Source: The Wall Street Journal
U.S. businesses are facing the biggest health-insurance cost increases in at least 15 years, after already-steep boosts in recent years that have pushed the annual expense for family coverage high enough to equal the price of a small car.
Costs for employer coverage are expected to surge about 9.5% in 2026, according to an estimate from Aon, while an employer survey by WTW suggested 9.2%. Both benefits-consulting firms’ projections, which were provided exclusively to The Wall Street Journal, would represent the fastest rate of increase since at least 2011, when the price tags for employer coverage were far lower than the recent average of roughly $25,500 for a family plan.
Other employer surveys conducted this year have generated similar findings—sharp hikes in health-coverage spending for next year, on top of two years of significant increases.
“It’s an unsustainable number for a lot of employers,” said Shawn Gremminger, chief executive of the National Alliance of Healthcare Purchaser Coalitions, which represents employers. The reaction from employers to the increases “ranges between upset, shocked, freaked-out and resigned,” he said.
Insurers say rising premiums for health coverage are driven by the growing cost of healthcare. The causes include higher prices for hospital care, expanding use of services—due in part to higher prevalence of conditions such as cancer in the working-age population—and pricey drugs, including the popular weight-loss and diabetes treatments known as GLP-1s.
Employers are moving to blunt the spike, and tactics such as changing plan designs are likely to shave a percentage point or two from the average increase, the benefits firms said. Some are pushing more costs to employees through larger payroll deductions for premiums or higher out-of-pocket charges such as deductibles.
“It’s a hard choice that makes you sick to your stomach,” says Troy Morris, CEO of Kall Morris Inc., a space-services company in Marquette, Mich., with about 20 employees. His firm pays the entire cost of its workers’ premiums, and has long tried to hold down what they pay to access care, he says.
The cost of the company’s health plan grew roughly 20% for the plan year that started Aug. 1, after a 9% increase in 2024. Kall Morris ended up sticking with the same plan design. However, the plan’s out-of-pocket maximum—the annual cap on what workers might have to pay for care—increased to $10,000 per family, up from $8,150.

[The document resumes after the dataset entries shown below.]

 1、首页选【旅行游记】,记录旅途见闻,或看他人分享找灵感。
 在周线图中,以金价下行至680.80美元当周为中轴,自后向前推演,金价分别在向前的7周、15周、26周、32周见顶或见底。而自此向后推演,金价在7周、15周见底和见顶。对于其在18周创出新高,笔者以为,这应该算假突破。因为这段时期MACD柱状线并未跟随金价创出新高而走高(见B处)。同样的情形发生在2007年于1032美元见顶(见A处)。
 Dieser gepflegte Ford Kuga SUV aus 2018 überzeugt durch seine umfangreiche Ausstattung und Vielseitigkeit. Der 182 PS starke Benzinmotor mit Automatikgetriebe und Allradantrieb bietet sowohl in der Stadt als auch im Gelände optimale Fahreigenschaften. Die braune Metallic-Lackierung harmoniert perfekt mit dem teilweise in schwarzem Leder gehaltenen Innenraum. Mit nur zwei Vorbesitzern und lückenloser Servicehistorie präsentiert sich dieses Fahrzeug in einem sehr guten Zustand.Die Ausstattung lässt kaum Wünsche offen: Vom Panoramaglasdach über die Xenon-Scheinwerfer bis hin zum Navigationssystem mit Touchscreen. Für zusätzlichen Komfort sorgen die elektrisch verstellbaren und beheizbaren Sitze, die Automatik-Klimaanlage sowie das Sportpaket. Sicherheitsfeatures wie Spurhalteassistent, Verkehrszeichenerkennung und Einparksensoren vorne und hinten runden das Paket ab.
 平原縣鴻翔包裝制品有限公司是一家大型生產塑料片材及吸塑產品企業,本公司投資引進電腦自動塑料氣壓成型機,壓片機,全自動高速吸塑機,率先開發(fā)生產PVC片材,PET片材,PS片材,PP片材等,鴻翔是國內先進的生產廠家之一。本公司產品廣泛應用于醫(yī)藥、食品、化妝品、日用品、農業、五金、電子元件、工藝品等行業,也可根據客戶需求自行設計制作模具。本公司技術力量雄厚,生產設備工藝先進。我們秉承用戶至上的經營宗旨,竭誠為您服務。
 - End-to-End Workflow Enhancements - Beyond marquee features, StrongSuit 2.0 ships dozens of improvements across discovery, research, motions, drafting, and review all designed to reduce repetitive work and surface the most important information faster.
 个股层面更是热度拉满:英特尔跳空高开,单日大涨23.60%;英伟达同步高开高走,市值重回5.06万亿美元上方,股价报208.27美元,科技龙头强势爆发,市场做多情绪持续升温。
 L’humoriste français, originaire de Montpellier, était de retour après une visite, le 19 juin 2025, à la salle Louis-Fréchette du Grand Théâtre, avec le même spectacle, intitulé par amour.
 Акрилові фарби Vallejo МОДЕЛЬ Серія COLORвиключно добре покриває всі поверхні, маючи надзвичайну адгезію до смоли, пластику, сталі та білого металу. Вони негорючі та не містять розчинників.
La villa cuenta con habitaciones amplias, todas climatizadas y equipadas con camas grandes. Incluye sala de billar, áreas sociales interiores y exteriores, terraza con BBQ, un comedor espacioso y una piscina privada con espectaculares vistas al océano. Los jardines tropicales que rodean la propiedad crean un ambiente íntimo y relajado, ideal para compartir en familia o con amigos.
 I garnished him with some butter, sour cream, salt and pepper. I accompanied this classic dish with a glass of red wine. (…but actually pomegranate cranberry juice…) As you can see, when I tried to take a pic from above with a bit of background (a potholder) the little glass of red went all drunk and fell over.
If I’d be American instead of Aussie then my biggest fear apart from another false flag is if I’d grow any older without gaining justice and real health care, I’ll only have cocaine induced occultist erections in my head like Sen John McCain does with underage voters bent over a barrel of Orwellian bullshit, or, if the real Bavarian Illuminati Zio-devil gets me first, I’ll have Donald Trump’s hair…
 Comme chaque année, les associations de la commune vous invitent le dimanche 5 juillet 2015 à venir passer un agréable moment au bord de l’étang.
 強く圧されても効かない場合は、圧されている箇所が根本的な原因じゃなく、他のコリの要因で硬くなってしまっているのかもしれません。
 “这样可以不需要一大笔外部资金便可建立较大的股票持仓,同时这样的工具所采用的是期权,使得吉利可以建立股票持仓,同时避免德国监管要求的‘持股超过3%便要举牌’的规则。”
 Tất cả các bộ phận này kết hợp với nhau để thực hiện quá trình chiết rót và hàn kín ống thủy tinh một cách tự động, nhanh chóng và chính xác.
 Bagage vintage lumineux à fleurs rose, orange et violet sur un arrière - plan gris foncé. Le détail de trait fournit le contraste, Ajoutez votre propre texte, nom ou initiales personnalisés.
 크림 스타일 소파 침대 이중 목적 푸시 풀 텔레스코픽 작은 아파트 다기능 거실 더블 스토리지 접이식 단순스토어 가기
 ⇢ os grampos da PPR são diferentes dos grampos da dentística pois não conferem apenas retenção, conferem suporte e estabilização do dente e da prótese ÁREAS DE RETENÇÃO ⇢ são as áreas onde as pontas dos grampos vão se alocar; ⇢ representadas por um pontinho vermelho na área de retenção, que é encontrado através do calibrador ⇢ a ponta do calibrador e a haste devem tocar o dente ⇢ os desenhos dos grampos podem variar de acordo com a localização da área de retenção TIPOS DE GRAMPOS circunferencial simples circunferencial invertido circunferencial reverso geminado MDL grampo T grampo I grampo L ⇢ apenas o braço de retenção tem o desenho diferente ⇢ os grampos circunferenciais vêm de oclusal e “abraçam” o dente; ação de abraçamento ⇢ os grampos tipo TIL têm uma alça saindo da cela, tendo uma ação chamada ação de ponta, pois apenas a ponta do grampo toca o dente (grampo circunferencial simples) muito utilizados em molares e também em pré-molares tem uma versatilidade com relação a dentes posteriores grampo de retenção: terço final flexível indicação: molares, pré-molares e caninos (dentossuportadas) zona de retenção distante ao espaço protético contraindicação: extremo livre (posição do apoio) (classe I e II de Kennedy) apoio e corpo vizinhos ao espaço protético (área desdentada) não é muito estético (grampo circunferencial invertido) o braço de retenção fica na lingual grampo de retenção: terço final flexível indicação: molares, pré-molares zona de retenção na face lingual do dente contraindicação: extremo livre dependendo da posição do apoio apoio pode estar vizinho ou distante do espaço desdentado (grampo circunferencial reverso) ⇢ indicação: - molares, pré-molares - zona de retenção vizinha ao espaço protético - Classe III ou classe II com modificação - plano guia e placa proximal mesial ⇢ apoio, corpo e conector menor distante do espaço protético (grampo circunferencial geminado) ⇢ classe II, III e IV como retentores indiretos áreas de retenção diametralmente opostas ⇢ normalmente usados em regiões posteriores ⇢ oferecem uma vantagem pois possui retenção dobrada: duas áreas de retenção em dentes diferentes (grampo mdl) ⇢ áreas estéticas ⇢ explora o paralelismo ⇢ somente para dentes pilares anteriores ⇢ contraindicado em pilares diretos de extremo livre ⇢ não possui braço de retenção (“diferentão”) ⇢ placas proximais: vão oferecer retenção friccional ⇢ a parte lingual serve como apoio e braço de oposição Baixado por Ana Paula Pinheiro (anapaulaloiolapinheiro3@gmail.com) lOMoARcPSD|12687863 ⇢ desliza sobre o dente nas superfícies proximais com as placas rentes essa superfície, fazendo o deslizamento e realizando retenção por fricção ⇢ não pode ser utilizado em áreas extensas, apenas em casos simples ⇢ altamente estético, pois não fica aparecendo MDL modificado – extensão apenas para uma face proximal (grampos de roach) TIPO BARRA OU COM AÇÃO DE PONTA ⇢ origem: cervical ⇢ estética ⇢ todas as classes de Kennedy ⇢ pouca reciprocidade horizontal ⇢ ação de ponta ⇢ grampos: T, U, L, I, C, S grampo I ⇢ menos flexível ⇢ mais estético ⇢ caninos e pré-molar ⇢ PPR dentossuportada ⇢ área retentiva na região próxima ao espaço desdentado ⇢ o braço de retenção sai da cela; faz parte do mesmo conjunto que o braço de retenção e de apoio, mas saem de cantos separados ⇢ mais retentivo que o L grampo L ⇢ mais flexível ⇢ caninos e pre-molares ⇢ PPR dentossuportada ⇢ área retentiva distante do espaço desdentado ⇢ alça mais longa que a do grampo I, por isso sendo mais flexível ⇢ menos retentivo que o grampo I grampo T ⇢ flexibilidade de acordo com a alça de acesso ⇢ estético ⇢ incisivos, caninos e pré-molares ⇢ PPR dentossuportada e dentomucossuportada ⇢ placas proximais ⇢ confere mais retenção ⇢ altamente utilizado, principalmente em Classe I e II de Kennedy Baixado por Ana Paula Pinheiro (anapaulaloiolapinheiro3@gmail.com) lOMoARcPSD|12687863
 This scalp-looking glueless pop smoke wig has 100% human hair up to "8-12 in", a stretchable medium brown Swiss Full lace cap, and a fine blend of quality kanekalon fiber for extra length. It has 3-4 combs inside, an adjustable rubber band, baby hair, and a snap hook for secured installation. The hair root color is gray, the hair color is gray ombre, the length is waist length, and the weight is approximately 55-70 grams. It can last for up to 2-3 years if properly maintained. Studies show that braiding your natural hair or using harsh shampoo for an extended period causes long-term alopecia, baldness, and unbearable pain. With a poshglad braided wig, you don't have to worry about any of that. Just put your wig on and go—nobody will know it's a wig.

In one sign of corporate America’s dissatisfaction with the health-coverage status quo, the WTW survey, which was performed this summer and largely focused on bigger employers, found that 60% were planning to look at replacing their health insurer or pharmacy-benefit manager in the next few years. It also found that nearly a third of employers surveyed are giving priority to new plan designs that could include changes such as limits on access to certain doctors or hospitals.
Mutual of Omaha, which sells life insurance and other financial products, expects to launch a process later this year to find new health-plan and drug-benefits administrators, after seeing healthcare costs increase by double digits this year. The company wants to include smaller vendors offering alternative products, not just the giants that serve most employers, said Steven Schlange, vice president of human resources.
The Omaha, Neb.-based company, with roughly 6,300 employees, this year stopped covering GLP-1 drugs for weight loss, a category that includes Wegovy and Zepbound. Spending for the drugs had grown, and the company wanted to implement a program that would help patients maintain weight loss after stopping their GLP-1 medications. But its pharmacy-benefit manager said that if Mutual of Omaha moved forward, it would forfeit lucrative rebate payments.
“We’re certainly frustrated,” Schlange said. Requesting new benefits vendor bids “gives us an opportunity to go out in the marketplace and look at different options.”
Rising employer healthcare costs are driven in part by the continuing impact of inflation, which has been playing out in higher prices negotiated by hospital systems. New, higher-cost drug therapies, including the GLP-1s, are also raising spending, insurers and benefits consultants say.
“This is the worst I’ve seen,” in rapid escalation of healthcare costs, said Pam Kehaly, CEO of Blue Cross Blue Shield of Arizona. “It’s happening so fast, it’s happening so broadly.” She points to more aggressive billing by some healthcare providers, potentially powered by artificial-intelligence tools.
In addition, Americans are using more healthcare services, partly due to rising care for serious health issues such as cancer, cardiovascular conditions such as atrial fibrillation, and musculo-skeletal problems that can lead to lower-back and joint procedures, said Kirk Roy, chief actuary at Blue Cross Blue Shield of Michigan.
“Diseases that we usually thought of as for elderly, we’re seeing more and more in a younger, working-age population,” he said.